### EXERCISE INSTRUCTIONS:
Leave the pictures out and restate every line below exactly.

### GIVEN DATA:
:::::
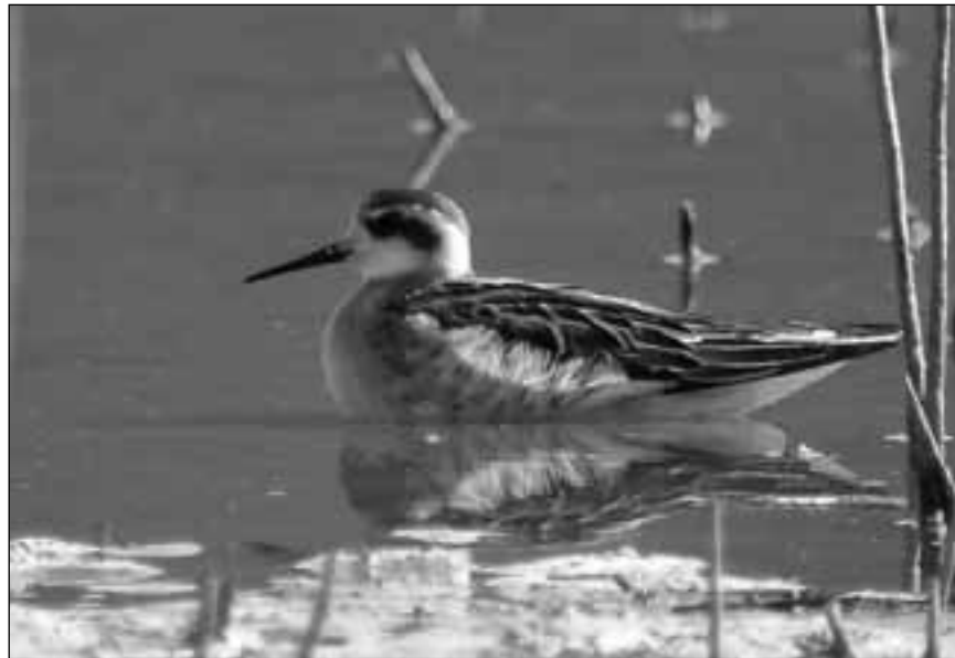
Falaropo picofino ( Phalaropus lobatus ) joven en el embalse de Pedrezuela (Guadalix de la Sierra) el 7 de septiembre de 2007 y el 11 de septiembre de 2007.
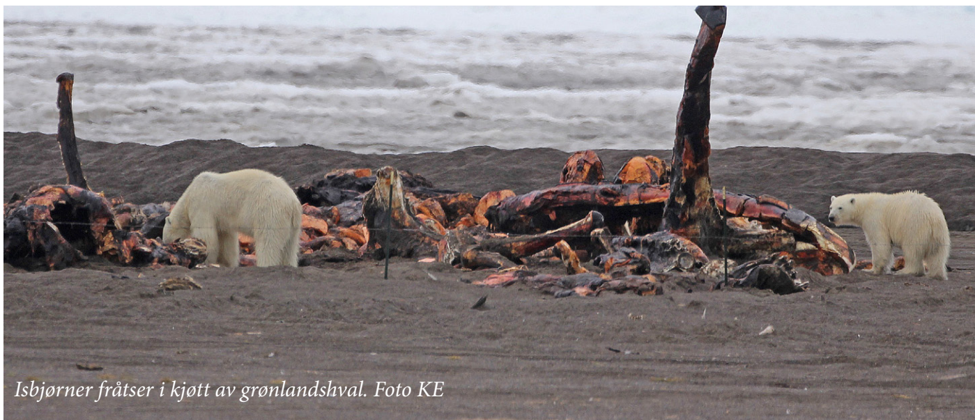
Isbjørner fråtser i kjøtt av grønlandshval.
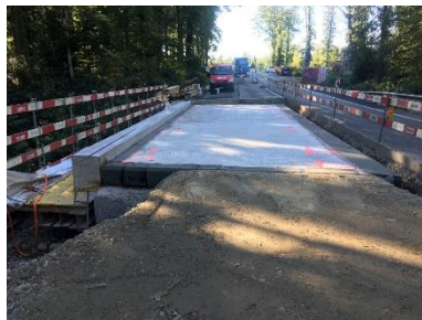
Neue Brückenplatte B-7408
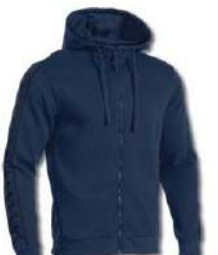
330 DARK NAVY
:::::
### WRITTEN SOLUTION:
Falaropo picofino ( Phalaropus lobatus ) joven en el embalse de Pedrezuela (Guadalix de la Sierra) el 7 de septiembre de 2007 y el 11 de septiembre de 2007.
Isbjørner fråtser i kjøtt av grønlandshval.
Neue Brückenplatte B-7408
330 DARK NAVY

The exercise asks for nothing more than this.